Мы вежливо распрощались и пошли в разные стороны.
КАРИ
Был вечер как раз на Ивана Купалу. Я даже небо помню — тонко-синее, с грядой высоких, рыхлых облаков; облака пропитались солнцем — оно зашло уже — и сияли перламутром. Весна в тот год была запоздалая, недружная, сирень еще не распускалась. Но распустились другие цветы, и над окраинами плыл их густой, перепутанный запах.
Один мой приятель и я вышли на улицу. Я проводил его до дверей, но мы не договорили, и он пошел провожать меня. Было поздно, на улицах — почти никого. Мы брели среди тишины и цветочных запахов. Давно наступила пора расходиться по домам, спать, но спать казалось немыслимо. Так хорош был вечер…
Я смотрел на своего друга и думал: "Счастливчик!"
Как он нравился девушкам! Вечно у него были какие-то приключения, часто по несколько сразу. Он был веселый, легкий; к занятиям относился беспечно; все любили его, особенно девушки. Счастливчик!

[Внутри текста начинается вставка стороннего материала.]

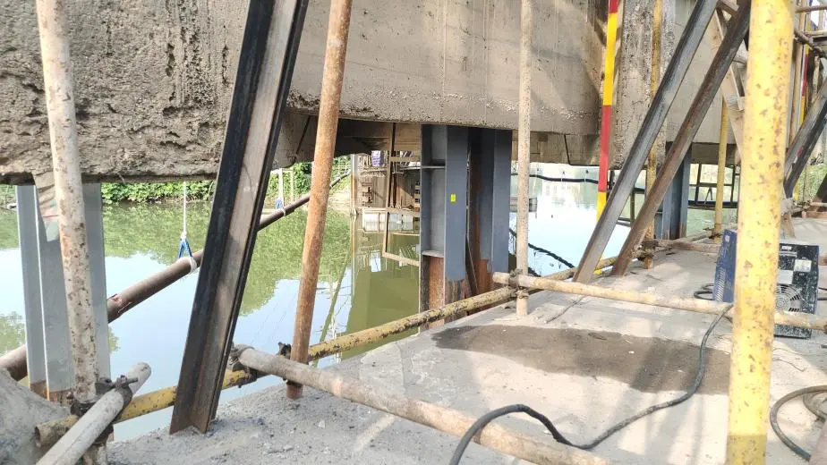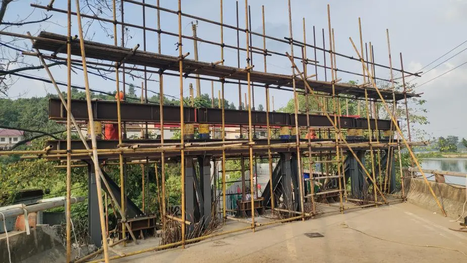 由于犬木塘水库水位已淹没河上桥梁底,水下作业面临诸多不便,难以从桥底直接对整座桥梁进行顶升。经过多轮方案研讨,最终采用钢结构支撑体系,利用高强度螺纹钢、可活动的钢梁以及巨成自主研发的集中控制同步顶升成套设备,实现整座桥梁的顶升吊起。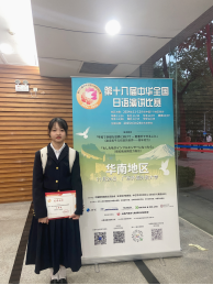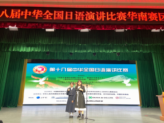11月24日,第十八届中华全国日语演讲比赛华南赛区决赛在广东外语外贸大学圆满落幕。比赛汇聚了包括广东省、福建省、海南省四省33所高校的代表选手共同参赛。在激烈的角逐中,2022级日语专业1班的李楚晴同学荣获三等奖。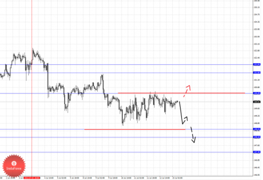 По паре Фунт/Иена ключевыми уровнями являются: 152.04, 151.60, 150.49, 148.54, 148.10 и 147.30. Здесь краткосрочное нисходящее движение ожидаем в коридоре 148.54–148.10, пробой последнего значения позволит рассчитывать на движение к потенциальной цели – 147.30, по достижении которого ожидаем консолидированное движение. Уровень 150.49 является важной ключевой поддержкой для нисходящей структуры от 3 июля, его проход ценой будет располагать к развитию восходящего движения в масштабе Н1, в данном случае цель – 151.60. Диапазон 151.60 – 152.04 шумовой.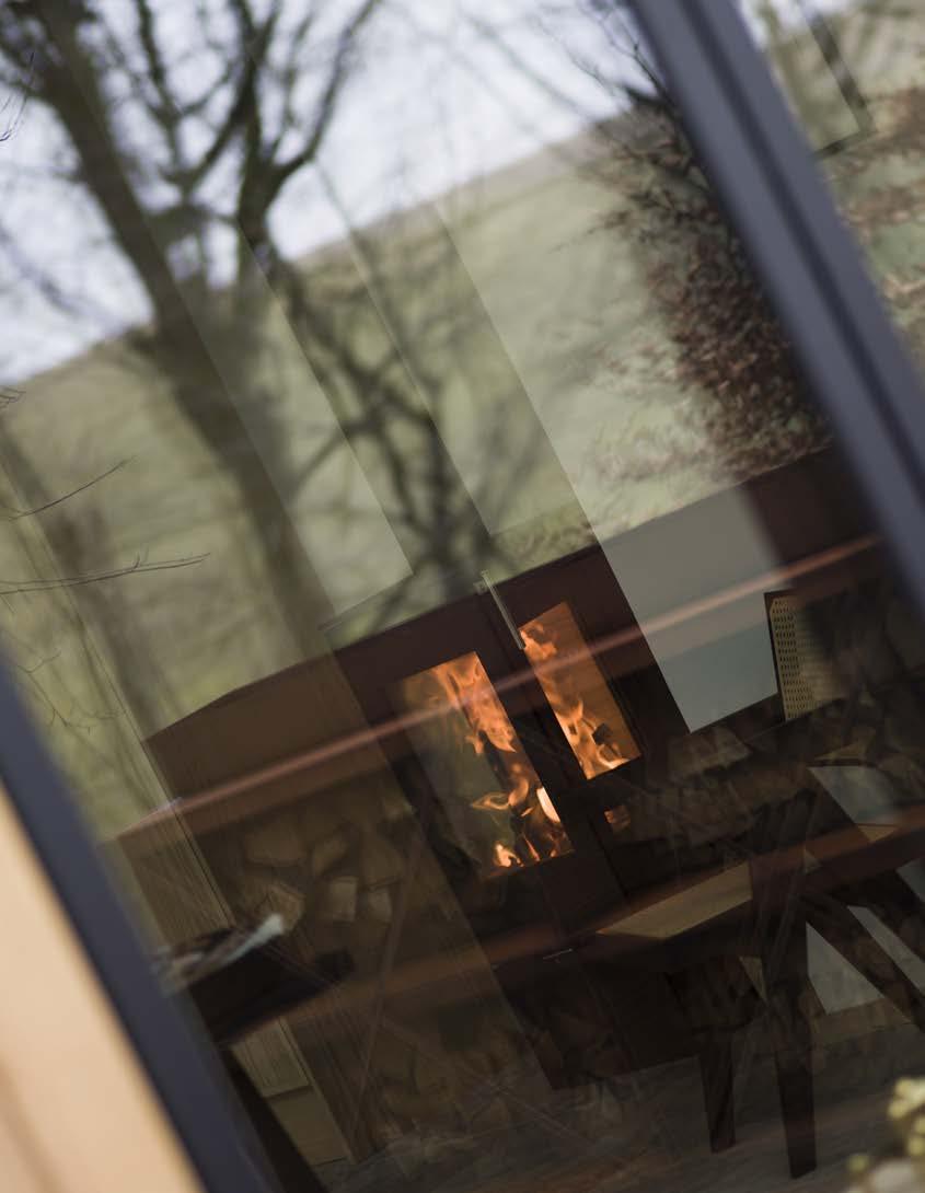 Nyt et fritt blikk inn på flammene gjennom rene, sotfrie vinduer med vårt Advanced Glass Concept. Ved å bruke coated glass eller to lag glass som reflekterer strålevarmen, sørger vi for høy temperatur i brennkammeret og unngår at rutene sotes til.

Он умер несколько лет спустя — от сердечной болезни, которую от всех скрывал. Он истаял очень быстро. Лежал в постели, шутил и смеялся: "Знаешь, как интересно иметь такое сердце, которое само не понимает, чего ему надо, — тик-так — стоп — бамм! — стоп — тик-так!"
О страхе, который сопутствует такому сердцу, он не говорил ничего. На другой день он умер.
Но не про него я собираюсь рассказывать.
Мы вышли на шоссе Вергелана и пошли вдоль Дворцового парка.
И вдруг до нас донесся женский смех.
Женский смех летом, в Дворцовом парке — тут нет ничего необычного. Но этот был какой-то удивительный смех… Нежный, звонкий, счастливый… Мы оба остановились и поглядели туда, откуда несся звук. Мелькнуло светлое платье, два светлых платья. И — опять водопад смеха. Мы завернули в парк, навстречу светлым платьям и смеху.
Ну вот, начинается самое трудное. Я замечаю это даже и по тому, как дрожит и медлит, как в нерешительности останавливается мое перо.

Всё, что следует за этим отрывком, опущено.